Researchers from the University of California, Irvine, and the U.S. Army found that a group of workers who were cut off from office email use for five days experienced more natural, variable heart rates and switched between computer windows only half as much.
Study co-author Gloria Mark, a professor of informatics at the university, said the findings could help boost productivity in offices that choose to implement these email vacations, either by controlling email login times, batching messages or through other strategies.
"We were surprised by the results, because they didn't have to turn out this way," Mark said. "It's possible that people might have been even more stressed not to have email, to feel like they were missing out on something, so we didn't expect that people would become significantly less stressed."

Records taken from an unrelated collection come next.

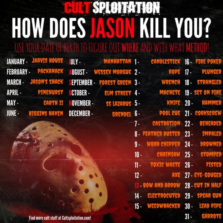How does Jason kill you? Find out with our FRIDAY THE 13TH birthday game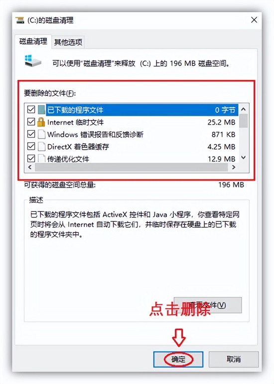 2.随后自动打开C盘的清理窗口,勾选要删除的文件,我一般都是全部勾选的,接着点击「确定」,等待清理完成。
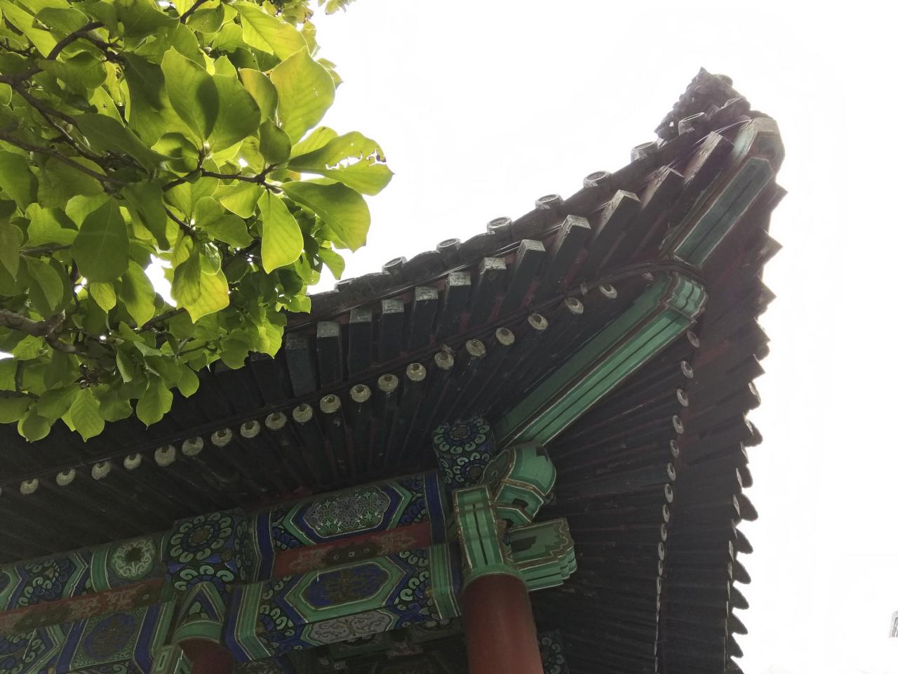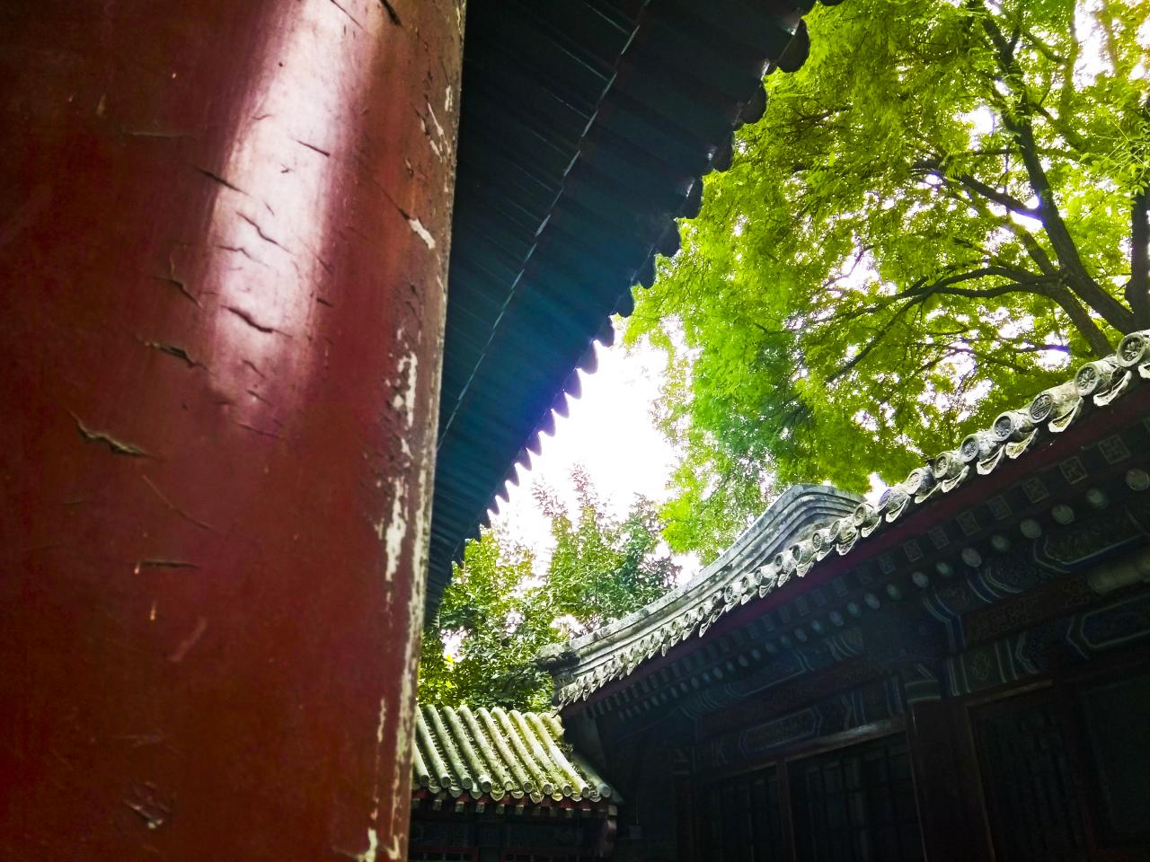 第1天 绿叶掩映着红墙,在中国古代园林艺术里,红和绿是最主要的色彩搭配。

Mark and her colleagues presented the study this week at a meeting of the Association for Computing Machinery, in Austin, Texas. Research presented at scientific conferences is considered preliminary and has not been peer-reviewed.
Thirteen civilian employees at the Army's Natick Soldier Systems Center, near Boston, took part in a three-day baseline data-collection phase, including interviews about their existing multitasking and email usage, and a five-day no-email period. All participants, who were split between men and women, were information workers whose job titles included chemical engineer, psychologist, materials scientist, biologist, food technologist and research administrator.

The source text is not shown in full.